■ Task to complete: Would you transcribe the whole listing exactly, minus its pictures?

■ Data:
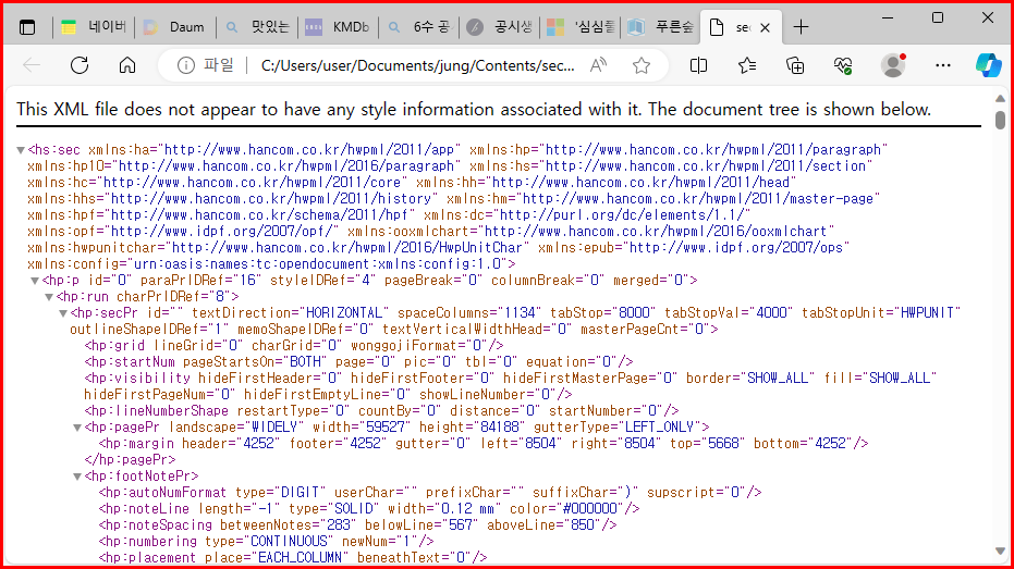contents 폴더의 'section0.xml' 내용은 아래와 같은 구조화된 XML 파일 형식으로 구성됐음을 알 수 있습니다.
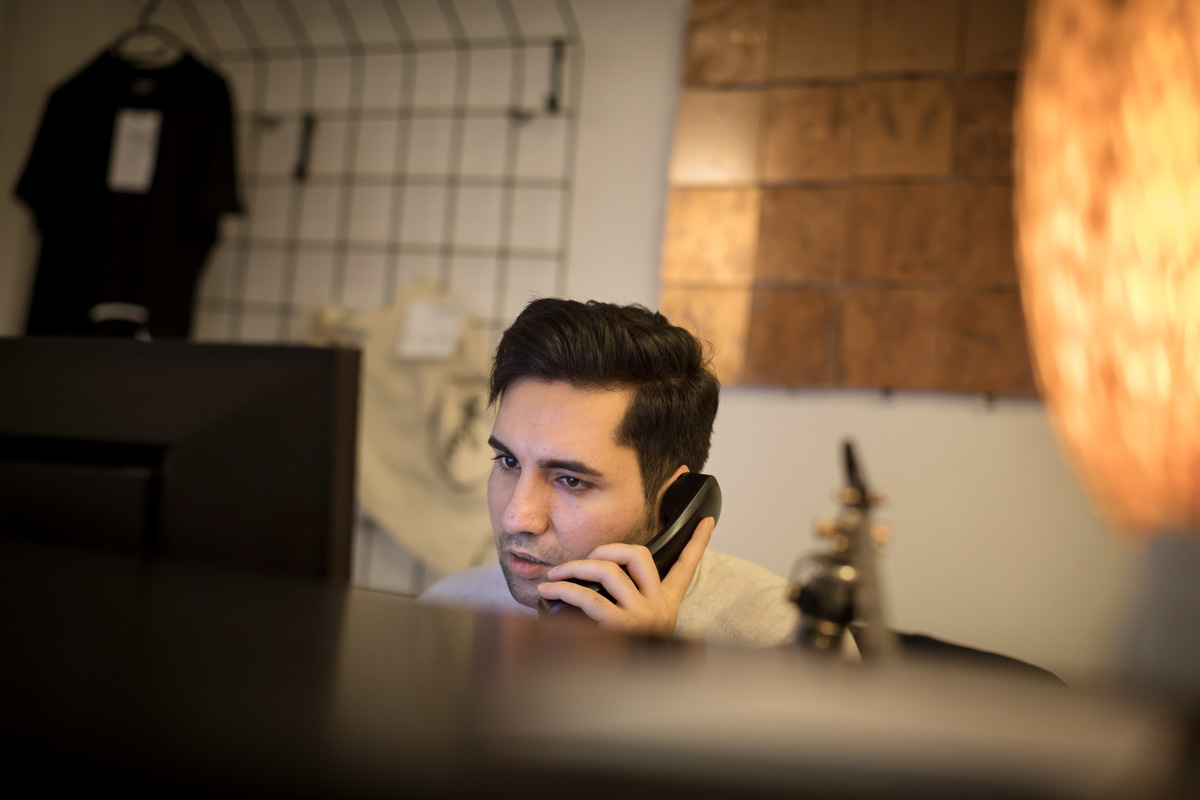 À la réception, Sharif — qui parle anglais, allemand et trois langues afghanes — est devenu multitâche. Il avait 14 ans quand il est arrivé à Vienne, avant la crise des réfugiés.
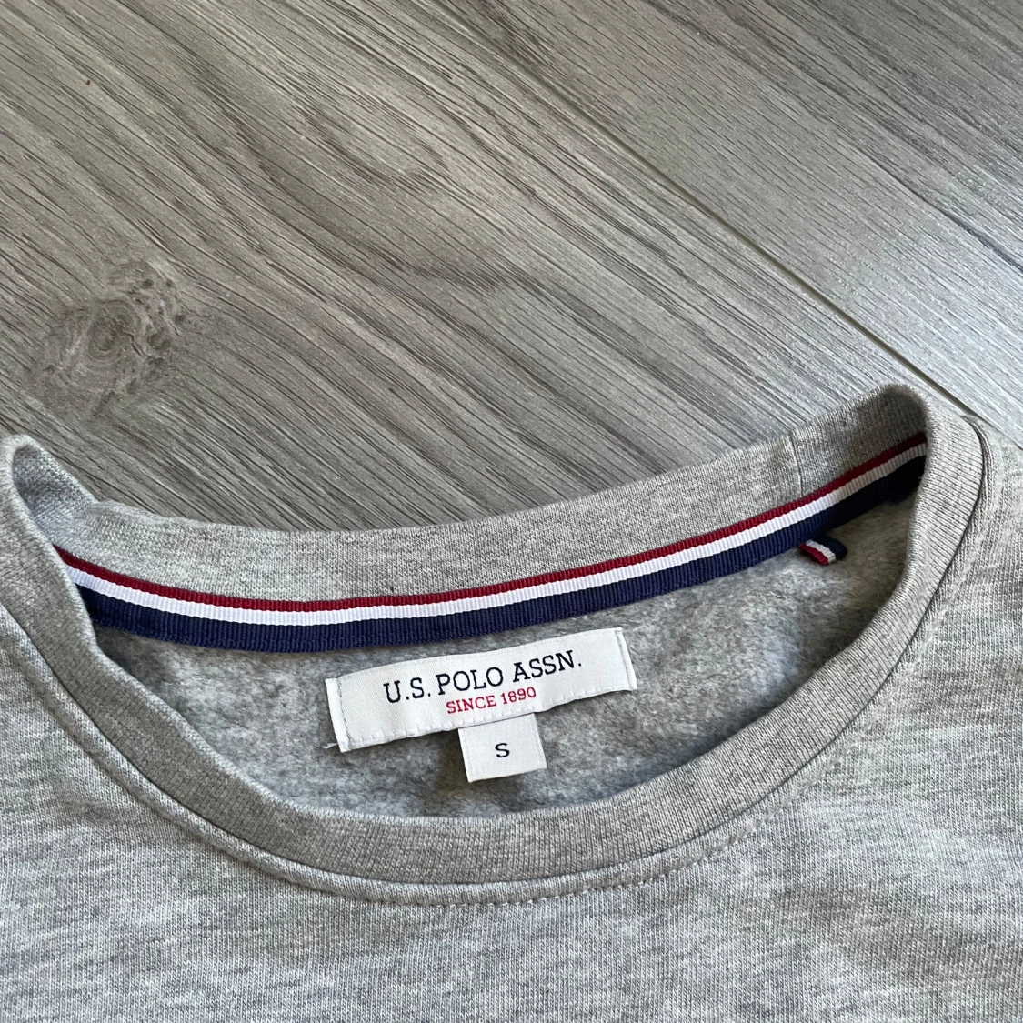 Säljer en stilren grå tröja från U.S. Polo Assn. i storlek S. Perfekt för en stilren look eller som lager under en jacka. Den är i mycket bra skick, har använt bara några gånger.
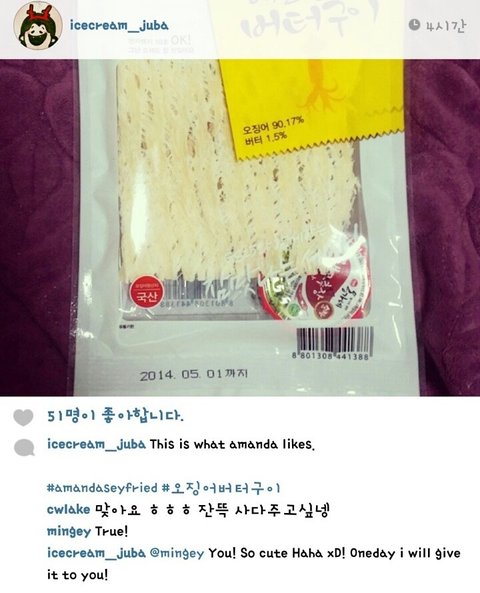 아만다가 씹는것을 좋아한다고 해 준비한 버터구이 오징어 선물.
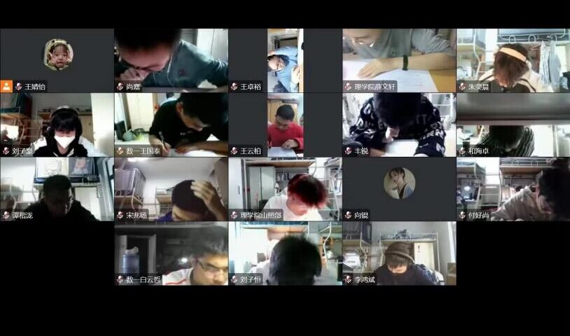 本次考试按班级共设置四个线上考场,以线上监考和宿舍巡考的方式进行监考。数学类专业考试科目为英语、高等代数和数学分析;工程力学专业考试科目为英语和高等数学。新生们均能按照要求认真对待、自觉遵守考试纪律、规范答题,线上考场秩序井然。

■ Expected output:
contents 폴더의 'section0.xml' 내용은 아래와 같은 구조화된 XML 파일 형식으로 구성됐음을 알 수 있습니다.
 À la réception, Sharif — qui parle anglais, allemand et trois langues afghanes — est devenu multitâche. Il avait 14 ans quand il est arrivé à Vienne, avant la crise des réfugiés.
 Säljer en stilren grå tröja från U.S. Polo Assn. i storlek S. Perfekt för en stilren look eller som lager under en jacka. Den är i mycket bra skick, har använt bara några gånger.
 아만다가 씹는것을 좋아한다고 해 준비한 버터구이 오징어 선물.
 本次考试按班级共设置四个线上考场,以线上监考和宿舍巡考的方式进行监考。数学类专业考试科目为英语、高等代数和数学分析;工程力学专业考试科目为英语和高等数学。新生们均能按照要求认真对待、自觉遵守考试纪律、规范答题,线上考场秩序井然。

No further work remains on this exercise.